RFR(S) 8245925 G1 allocates EDEN region after CDS has executed GC

Mon Jun 1 03:33:20 UTC 2020

On Sun, May 31, 2020 at 8:27 PM Jiangli Zhou <jianglizhou at google.com> wrote:
>
> On Fri, May 29, 2020 at 10:44 PM Ioi Lam <ioi.lam at oracle.com> wrote:
> >
> >
> >
> > On 5/29/20 8:40 PM, Jiangli Zhou wrote:
> > > On Fri, May 29, 2020 at 7:30 PM Ioi Lam <ioi.lam at oracle.com> wrote:
> > >> https://bugs.openjdk.java.net/browse/JDK-8245925
> > >> http://cr.openjdk.java.net/~iklam/jdk15/8245925-g1-eden-after-cds-gc.v01/
> > >>
> > >>
> > >> Summary:
> > >>
> > >> CDS supports archived heap objects only for G1. During -Xshare:dump,
> > >> CDS executes a full GC so that G1 will compact the heap regions, leaving
> > >> maximum contiguous free space at the top of the heap. Then, the archived
> > >> heap regions are allocated from the top of the heap.
> > >>
> > >> Under some circumstances, java.lang.ref.Cleaners will execute
> > >> after the GC has completed. The cleaners may allocate or synchronized, which
> > >> will cause G1 to allocate an EDEN region at the top of the heap.

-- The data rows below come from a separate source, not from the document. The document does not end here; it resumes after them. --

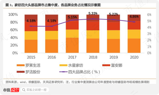 2020年四个品牌的合计市占率不到5%,这也意味着消费者在选择家纺产品时替代品极多。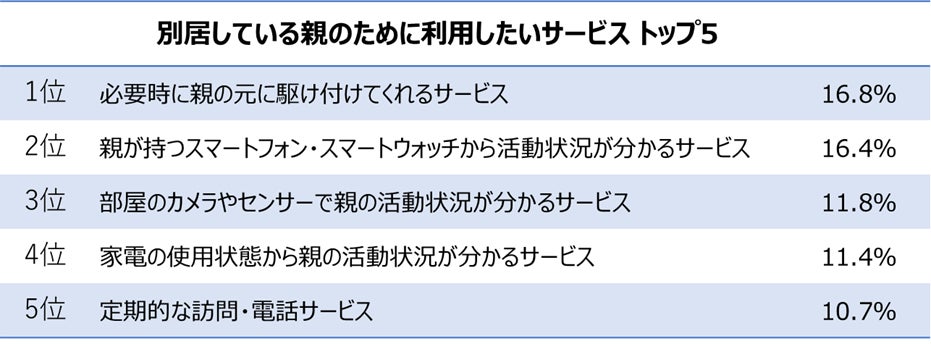 また、別居している親のために今後利用したいサービスについて全体に聞いたところ、1位「必要時に親の元に駆け付けてくれるサービス」(16.8%)、2位「親が持つスマートフォン・スマートウォッチから活動状況が分かるサービス」(16.4%)、3位「部屋のカメラやセンサーで活動状況が分かるサービス」(11.8%)で、「もしもの時に駆け付けてくれる」「親の行動や状況が把握できる」といったサービス需要が一定数あることが明らかになりました。【図6】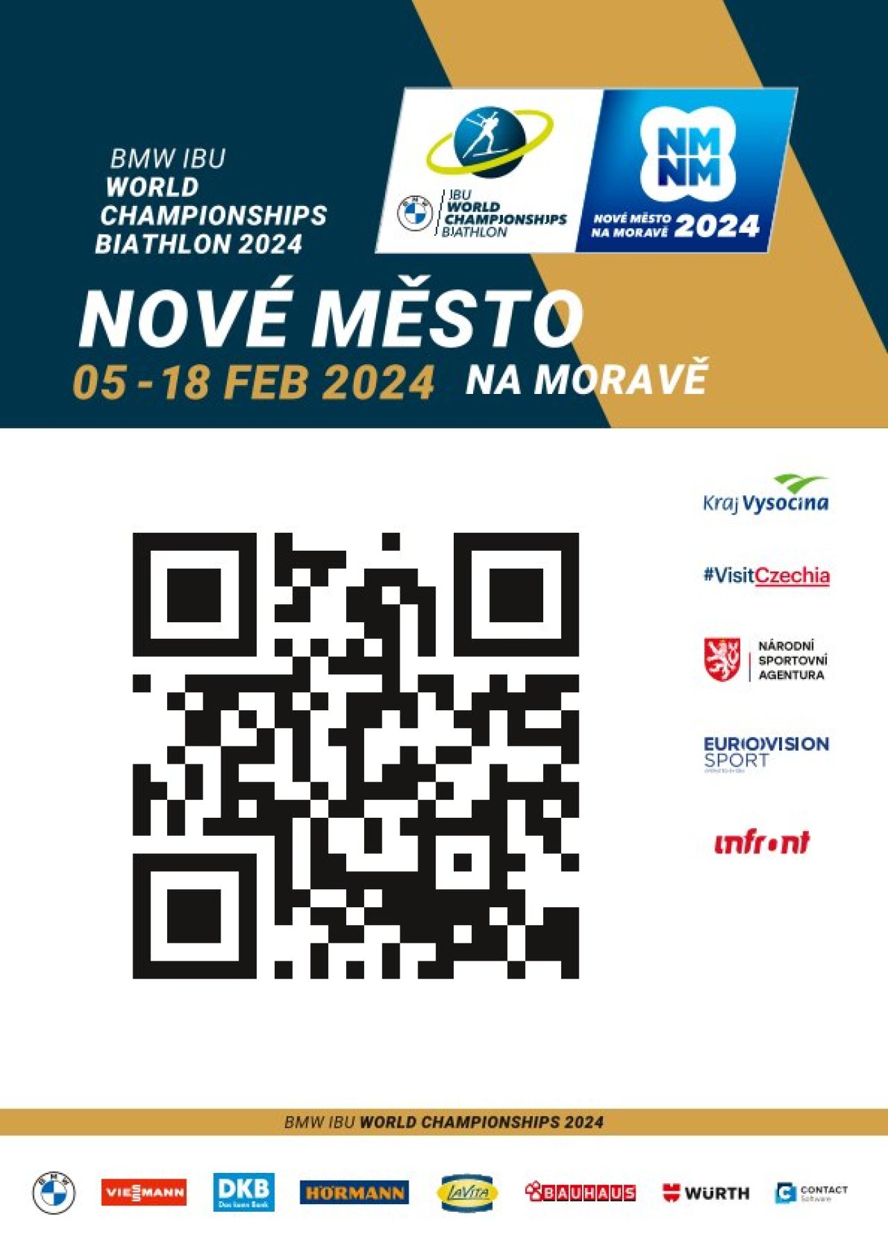 QR kód od organizátorů MS Biatlonu, který směřuje na webový portál, kde najdete všechny důležité informace pro vás i vaše hosty. Kromě informací o programu najdete na webu informace k dopravě, závodům a také kontakt, který je po celou dobu biatlonu k dispozici. https://www.biathlonnmnm.cz/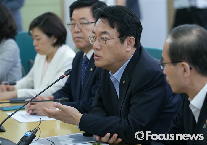 (서울=포커스뉴스) 미세먼지 대책과 관련해 현장 방문에 나선 정진석(오른쪽 두번째) 새누리당 원내대표가 1일 오후 서울 동작구 기상청 종합상황실을 방문해 모두발언을 하고 있다.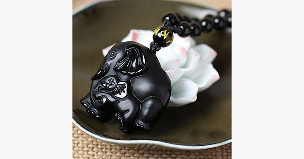 Natural Obsidian Elephant Necklace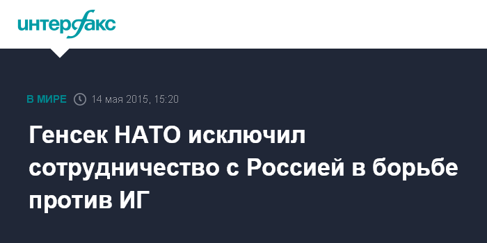 Москва. 14 мая. INTERFAX.RU - Генсек НАТО Йенс Столтенберг заявил в четверг, что не считает возможным сотрудничество между Североатлантическим альянсом и Россией в борьбе против группировки "Исламское государство".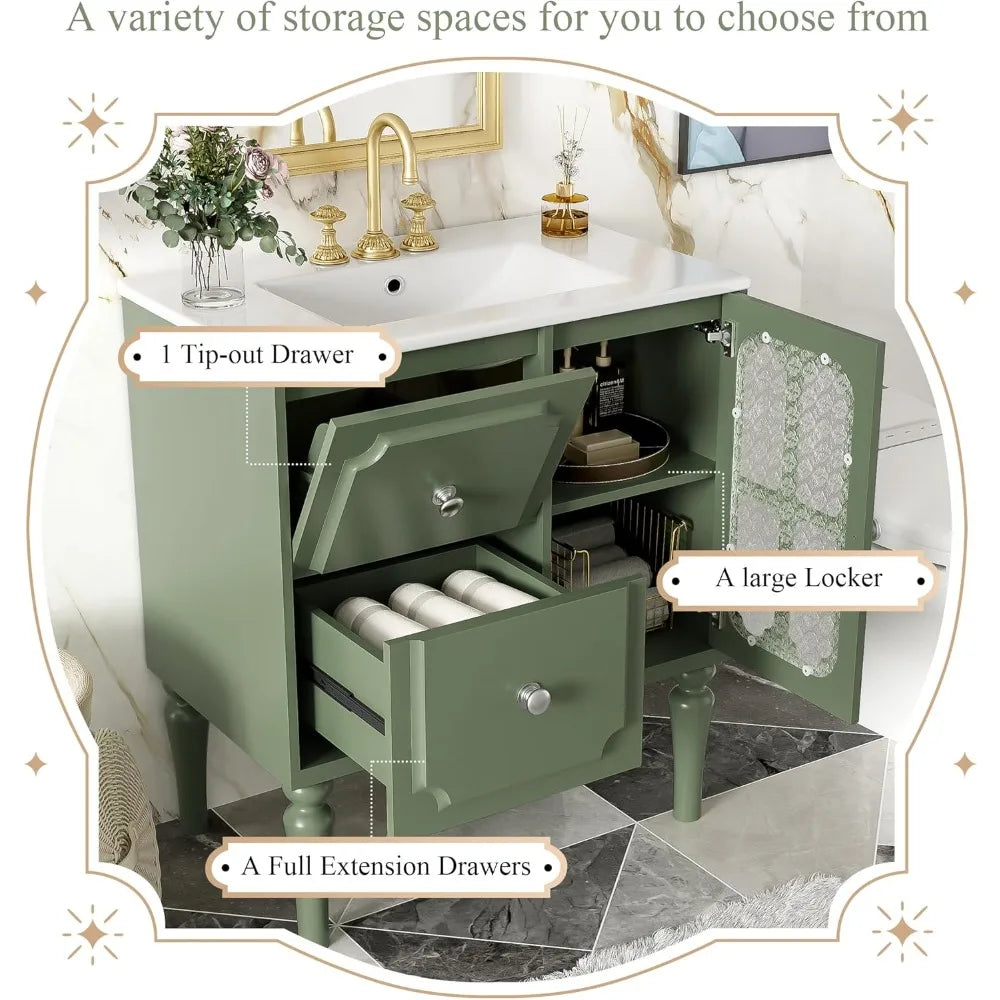 Bring a touch of cottage warmth to your bathroom with the French Country 30-Inch Vanity, a green-toned centerpiece that embraces home-and-garden charm while delivering everyday practicality.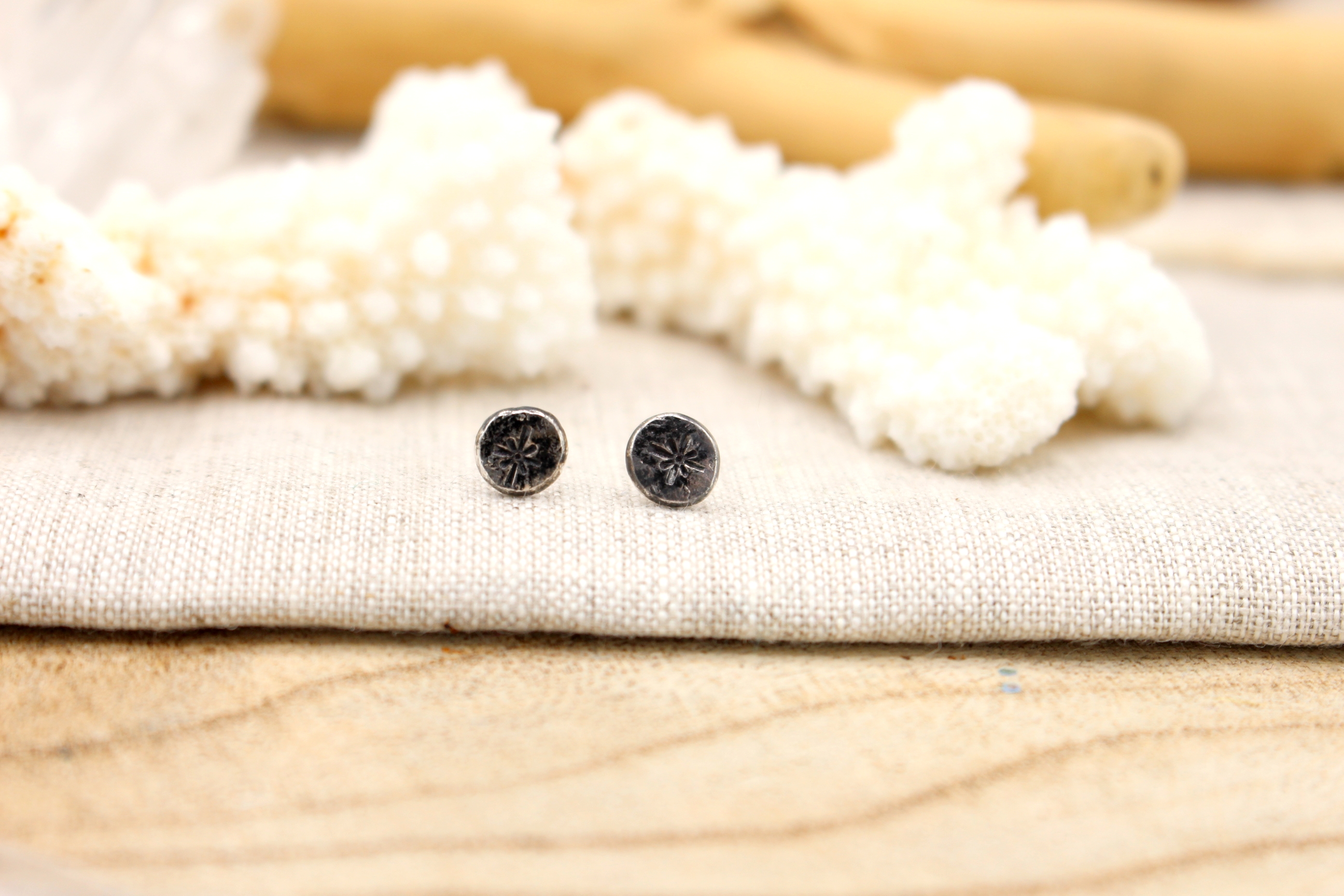 Winzige, handgeschmiedete und unregelmäßige Ohrstecker aus 925er Sterlingsilber.

> > > This is an interesting one. Please give more details on under what
> > > circumstances java.lang.ref.Cleaners causes the issue. It's unclear to
> > > me why it hasn't been showing up before.
> >
> > Hi Jiangli,
> >
> > Thanks for the review. It's very helpful.
> >
> > The assert (see my comment in JDK-8245925) happened in my prototype for
> > JDK-8244778
> >
> > http://cr.openjdk.java.net/~iklam/jdk15/8244778-archive-full-module-graph.v00.8/
> >
> > I have to archive AppClassLoader and PlatformClassLoader, but need to
> > clear their URLClassPath field (the "ucp" field). See
> > clear_loader_states in metaspaceShared.cpp. Because of this, some
> > java.util.zip.ZipFiles referenced by the URLClassPath  become garbage,
> > and their Cleaners are executed after full GC has finished.
> >
>
> I haven't looked at your 8244778-archive-full-module-graph change yet,
> if you are going to archive class loader objects, you probably want to
> go with a solution that scrubs fields that are 'not archivable' and
> then restores at runtime. Sounds like you are going with that. When I
> worked on the initial implementation for system module object
> archiving, I implemented static field scrubber with the goal for
> archiving class loaders. I didn't complete it as it was not yet
> needed, but the code probably is helpful for you now. I might have
> sent you the pointer to one of the versions at the time, but try
> looking under my old /home directory if it's still around. It might be
> good to trigger runtime field restoration by Java code, that's the
> part I haven't fully explored yet. But, hopefully these inputs would
> be useful for your current work.
>
> > I think the bug has always existed, but is just never triggered because
> > we have not activated the Cleaners.
> >
> > >
> > >>
> > >> The fix is simple -- after CDS has entered a safepoint, if EDEN regions
> > >> exist,
> > >> exit the safepoint, run GC, and try again. Eventually all the cleaners will
> > >> be executed and no more allocation can happen.
> > >>
> > >> For safety, I limit the retry count to 30 (or about total 9 seconds).
> > >>
> > > I think it's better to skip the top allocated region(s) in such cases
> > > and avoid retrying. Dump time performance is important, as we are
> > > moving the cost from runtime to CDS dump time. It's desirable to keep
> > > the dump time cost as low as possible, so using CDS delivers better
> > > net gain overall.
> > >
> > > Here are some comments for your current webrev itself.
> > >
> > > 1611 static bool has_unwanted_g1_eden_regions() {
> > > 1612 #if INCLUDE_G1GC
> > > 1613   return HeapShared::is_heap_object_archiving_allowed() && UseG1GC &&
> > > 1614          G1CollectedHeap::heap()->eden_regions_count() > 0;
> > > 1615 #else
> > > 1616   return false;
> > > 1617 #endif
> > > 1618 }
> > >
> > > You can remove 'UseG1GC' from line 1613, as
> > > is_heap_object_archiving_allowed() check already covers it:
> > >
> > > static bool is_heap_object_archiving_allowed() {
> > >    CDS_JAVA_HEAP_ONLY(return (UseG1GC && UseCompressedOops &&
> > > UseCompressedClassPointers);)
> > >    NOT_CDS_JAVA_HEAP(return false;)
> > > }
> > >
> > > Please include heap archiving code under #if INCLUDE_CDS_JAVA_HEAP.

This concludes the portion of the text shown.